One of the great advantages of Data Science Analytics Platforms is their ability to analyze diverse types of data. Today, we want to move to the outer edge of the alphabet and look into data from the Zika virus. Our analysis is inspired by the Microreact project “Zika virus in the Americas” and is a nice use case for the exploration of epidemiological data with our analytics platform.

Epidemiology is the study of the distribution and determinants of health-related states or events. In this post, therefore, we will answer the question: What routes did the Zika virus take as it spread across the globe, and how did its genetic makeup change the way it did? To this end, we will investigate and visualize both geolocational and phylogenetic data from the Zika virus. Using generic JavaScript nodes, we will create our own dynamic views and wrap them into a composite interactive view.
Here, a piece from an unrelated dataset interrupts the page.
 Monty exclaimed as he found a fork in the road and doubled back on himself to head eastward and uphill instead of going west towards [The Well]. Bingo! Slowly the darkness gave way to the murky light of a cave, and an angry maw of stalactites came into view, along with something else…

Even if you deal with very different data on a day-to-day basis, this blog post is still of high value, as we show how to increase the flexibility of your analysis using interactive generic JavaScript views.

Zika Virus

Image Source: KNIME

Zika virus (ZIKV) is an RNA virus with a 10.7 kb (kilobase pairs) genome encoding a single polyprotein; it is transmitted among humans by mosquitoes. It is named after the Zika forest in Uganda, where the virus was first isolated in 1947 from a sentinel rhesus monkey. In humans, the ZIKV infection typically causes Zika fever accompanied by a maculopapular rash, headache, conjunctivitis, and myalgia.

In early 2015, a widespread epidemic of Zika fever spread from Brazil to other parts of South and North America. In February 2016, the World Health Organization declared the outbreak a Public Health Emergency of International Concern as evidence grew that Zika can cause birth defects as well as neurological problems.
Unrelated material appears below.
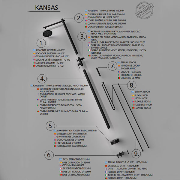 Imex Kansas GPK012/ANG Inox Black Matt Στήλη Ντους Εξωτερικού Χώρου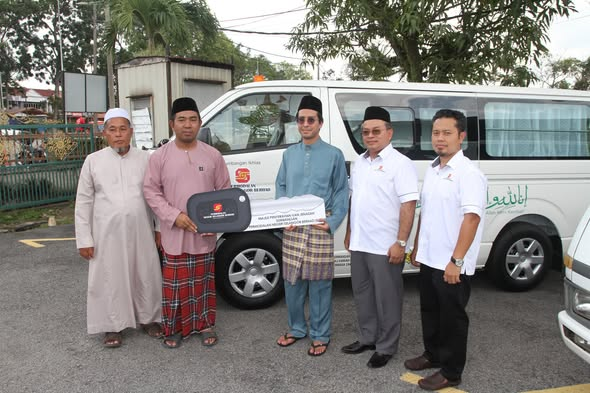 Penyerahan telah disempurnakan oleh Y.M. Raja Ahmad Shahrir Iskandar Bin Raja Salim, Ketua Pegawai Eksekutif PNSB yang telah menyerahkan sumbangan van jenazah tersebut kepada Encik Akmal bin Auzai, Nazir Masjid Jamiul Hasaniah.

In order to contain and control the spread of Zika, epidemiologists need to know the paths through which the virus spreads, as well as the ways its genetic makeup changes in different locations. The visual analytics capabilities available in an analytics platform offer a great resource to investigate these questions.
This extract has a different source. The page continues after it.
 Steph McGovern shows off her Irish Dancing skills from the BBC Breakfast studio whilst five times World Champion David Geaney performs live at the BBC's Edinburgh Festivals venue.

Figure 1: Workflow to analyze epidemiological data about the Zika virus — temporal/spatial data, as well as phylogenetic information, are used as inputs for a wrapped metanode that contains an interactive view.

Composite Interactive View for Epidemiological Data

We created a workflow (Figure 1 above) to interactively investigate and visualize geolocational and phylogenetic data in our analytics platform. In order to do this, we downloaded two files from the microreact project:

  • microreact-project-zika-virus-data.csv containing temporal (day, year, month) as well as spatial (country, latitude, longitude) information on the reported Zika virus cases in csv format
  • microreact-project-zika-virus-tree.nwk containing the phylogenetic tree in Newick format

A phylogenetic tree is a diagram that depicts evolutionary relationships among organisms. One way of obtaining those evolutionary relationships is by comparing genomic sequences based on differences in the DNA that naturally accumulate over time. A common representation of the resulting tree structure is the Newick format.

Figure 2: Inside the wrapped metanode, “Interactive view” — the view is composed of a range slider to filter by year, a detailed JavaScript table, and two generic JavaScript views: a map and a phylogenetic tree.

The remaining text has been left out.